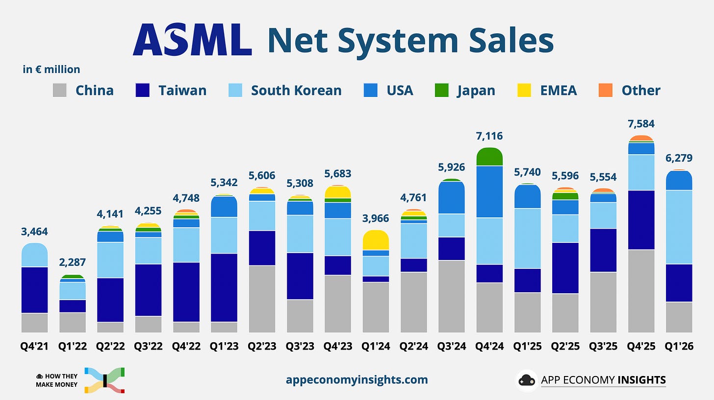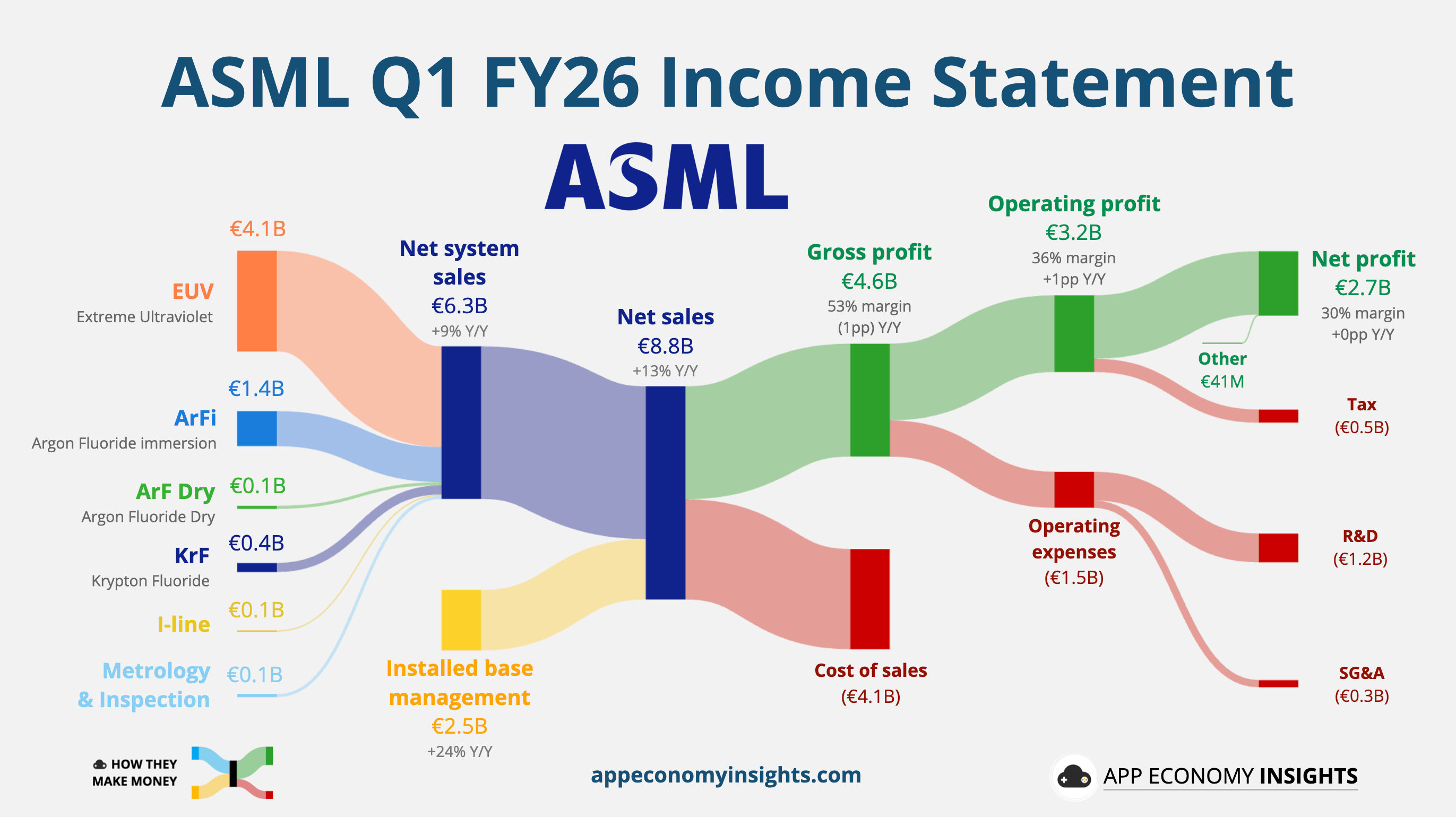 ASML kicked off Q1 2026 with a solid beat, proving that the semiconductor industry’s lithography intensity is only increasing. Revenue rose 13% Y/Y to €8.8 billion (€110 million beat), while GAAP EPS of €7.15 comfortably topped estimates. Citing an insatiable appetite for AI infrastructure, management raised and narrowed its full-year 2026 sales guidance to €36-€40 billion (an improvement from €34-€39 billion previously).
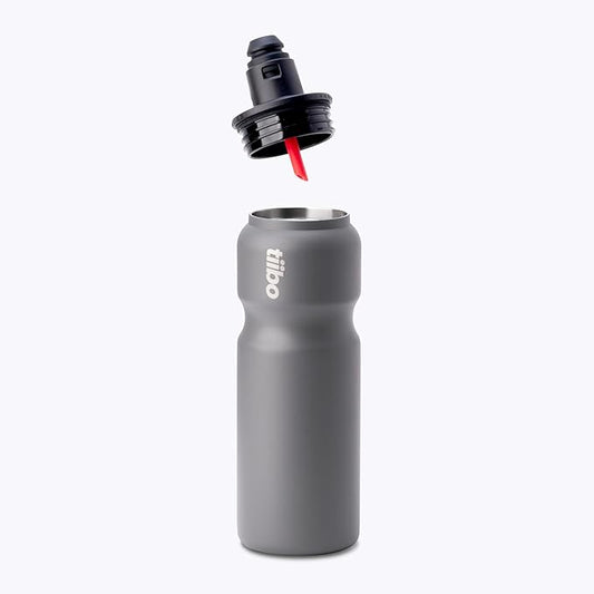 tiibo Vacuum Insulated Stainless Steel Bike Water Bottle, Double Wall, No-Squeeze, Fast Flow Sport Nozzle, Designed for Cycling, Biking, Fitness & Sports, Fits Most Bike Cages (Gray, 17OZ)
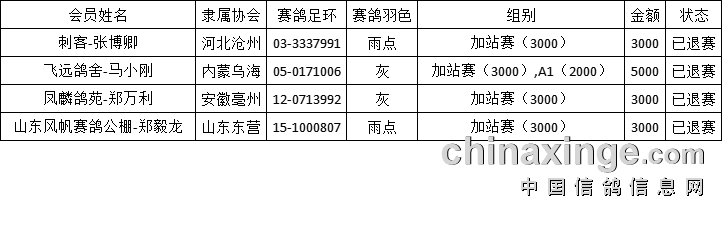 2026天津宇航收鸽公告
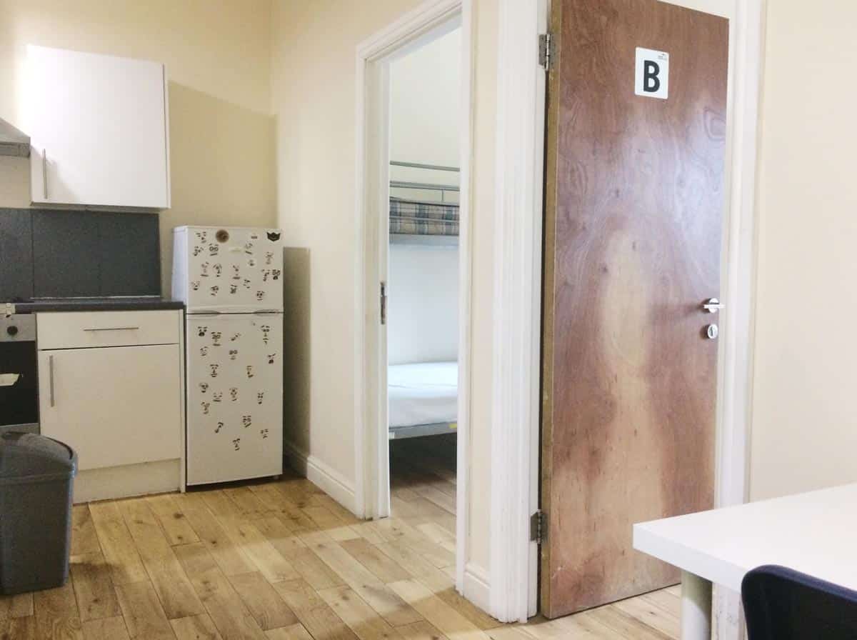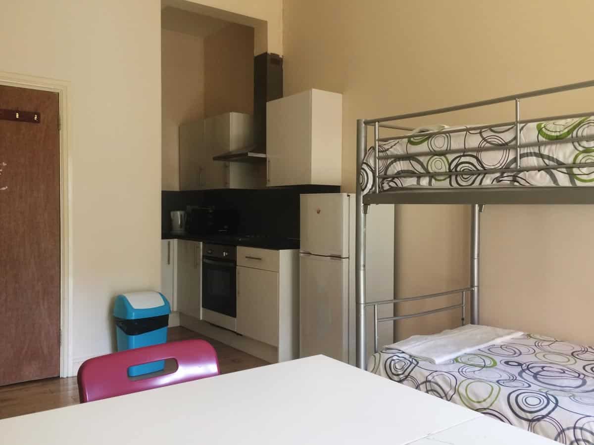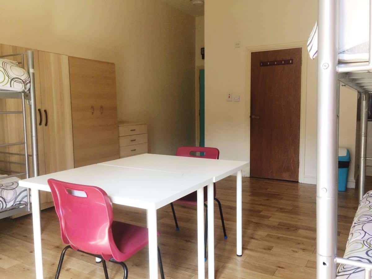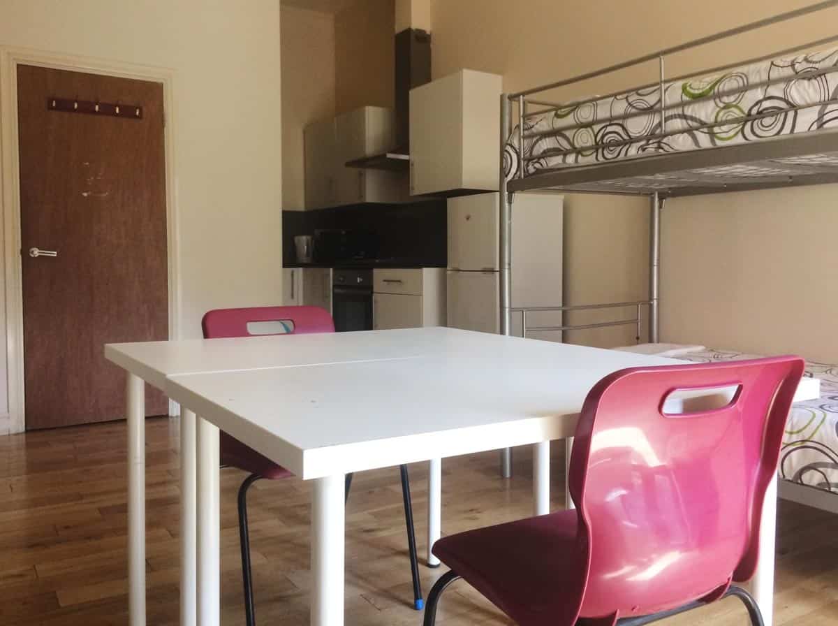 This is an open plan room, the rooms in this residence on average measure around 9m². The setup tends to consist of between four to six single beds which share a fully fitted kitchen and bathroom. The layouts can either be single beds spread out in the room, bunk beds or a combination of the two.
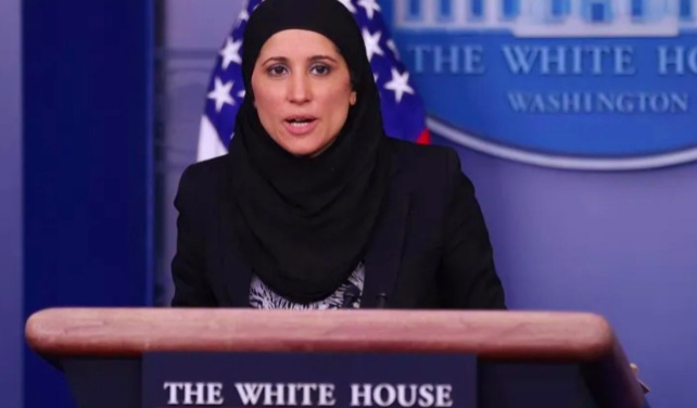 أثار ظهور أول امرأة مسلمة محجبة على منصة البيت الأبيض الخاصة بالإيجاز الصحفي، احتفاء واسعا على منصات التواصل الاجتماعي، في سابقة تاريخية تشهدها الولايات المتحدة الأمريكية.
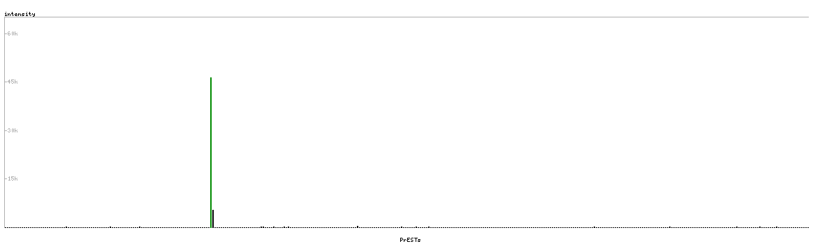 At the top of the view, the position of the antigen (identified by the corresponding HPA identifier) is shown as a green bar. A yellow triangle on the bar indicates a <100% sequence identity to the protein target.
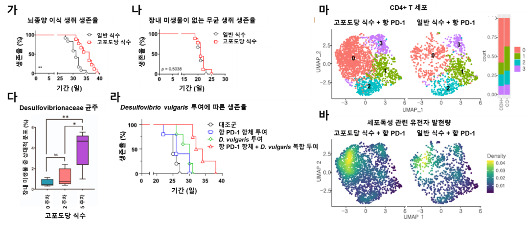 이번 연구에서 연구팀은 고 포도당 음료와 특정 균주의 복합처리가 뇌종양 내 면역세포 중 T 세포, 특히 CD4+ T 세포의 아형에서 세포독성 기능이 증대되는 것을 단일 세포 전사체 분석을 통해 확인했다.
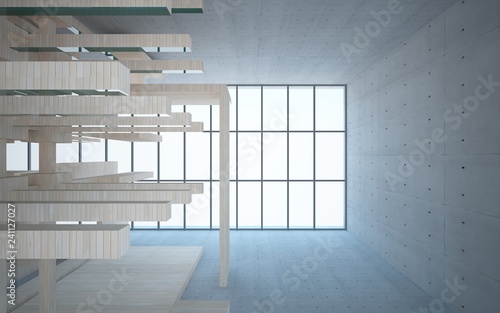 Obraz premium Abstract interior of wood, glass and concrete. 3D illustration. rendering
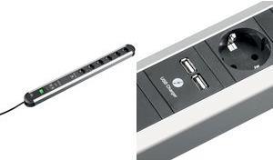 Überspannungsschutz, Netz- und Frequenzfilter, USB Doppel-Charger - Überspannungsschutz - Netz- und Frequenzfilter mit Funktiondisplay und Ausfallanzeige - USB Doppel-Charger 4,75 V–5,25 V; max 2 A - 6 x Schutzkontaktsteckdose, 90° gedreht, schwarz - 15 mm Abstand zwischen den Steckdosen - Wiederanschließbar - Zuleitung 1,75 m H05VV-F 3G 1,5 mm² mit angespritztem Schutzkontakt-Winkelstecker, schwarz - Länge ca. 690 mm
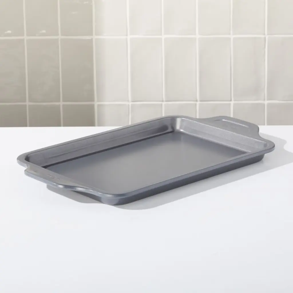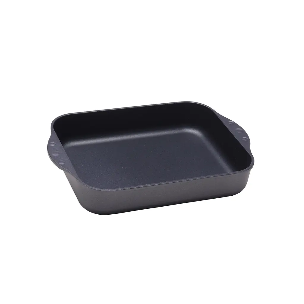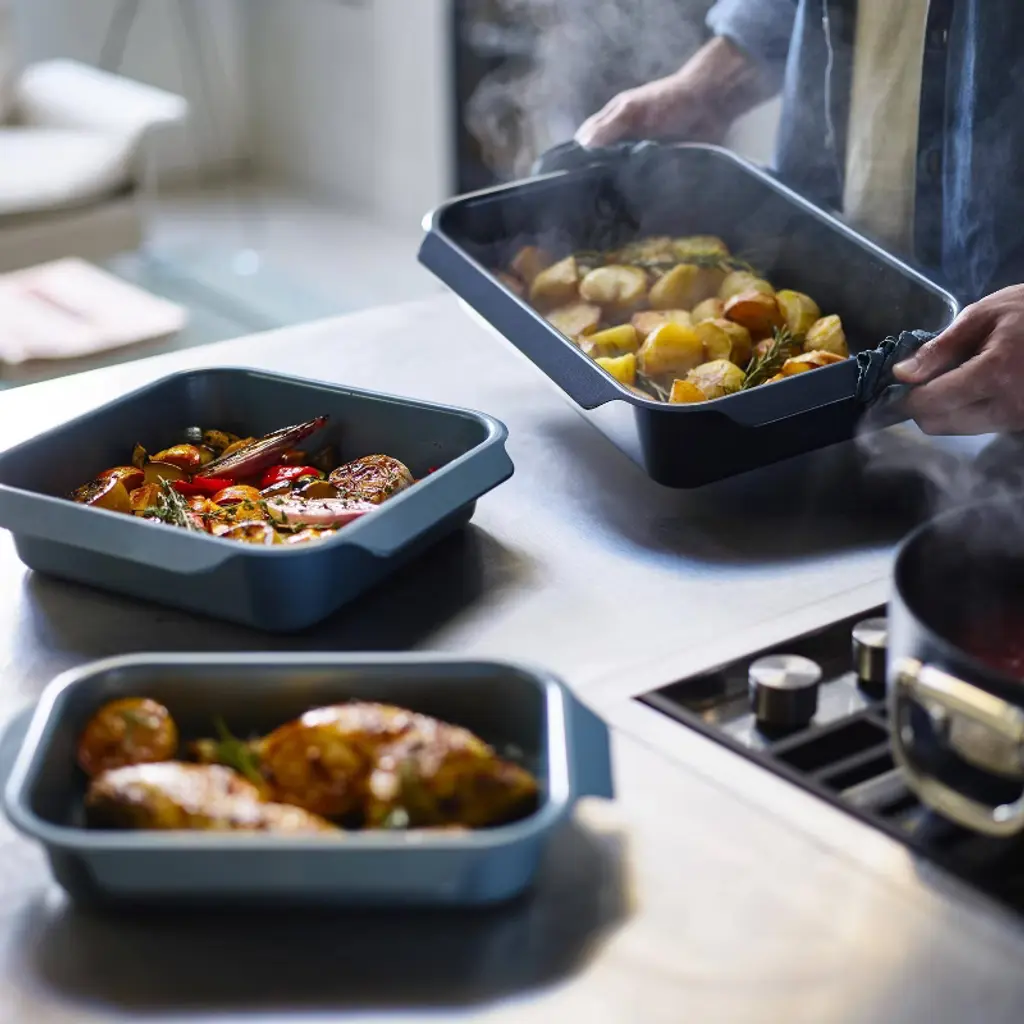 This stylish, non-stick roasting pan feature easy-pull handles on all sides. Designed for oven gloves, they provide a large gripping point and make removing and handling the tray safe and easy. Made from high- quality carbon steel with a duarable, non-stick coating, it's perfect for roasting a wide variety of foods. When stored with other Nest Oven trays, the clever, stacking design keeps everything neatly organized and saves valuable drawer space. Comes with a 10-year guarantee.
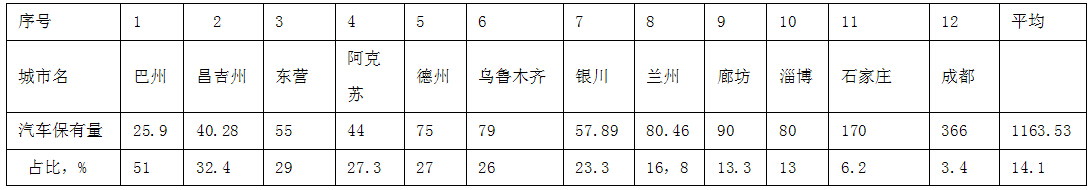 表二、12個城市CNG汽車與當(dāng)?shù)仄嚤S辛康恼急扰判虮?br />

■ WHAT THE EXERCISE ASKS ■
No pictures should appear in the answer, which is to be the lines from the line with "This stylish, non-stick" through the end of the records above, restated exactly.

■ RESPONSE TO THE TASK ■
 This stylish, non-stick roasting pan feature easy-pull handles on all sides. Designed for oven gloves, they provide a large gripping point and make removing and handling the tray safe and easy. Made from high- quality carbon steel with a duarable, non-stick coating, it's perfect for roasting a wide variety of foods. When stored with other Nest Oven trays, the clever, stacking design keeps everything neatly organized and saves valuable drawer space. Comes with a 10-year guarantee.
 表二、12個城市CNG汽車與當(dāng)?shù)仄嚤S辛康恼急扰判虮?br />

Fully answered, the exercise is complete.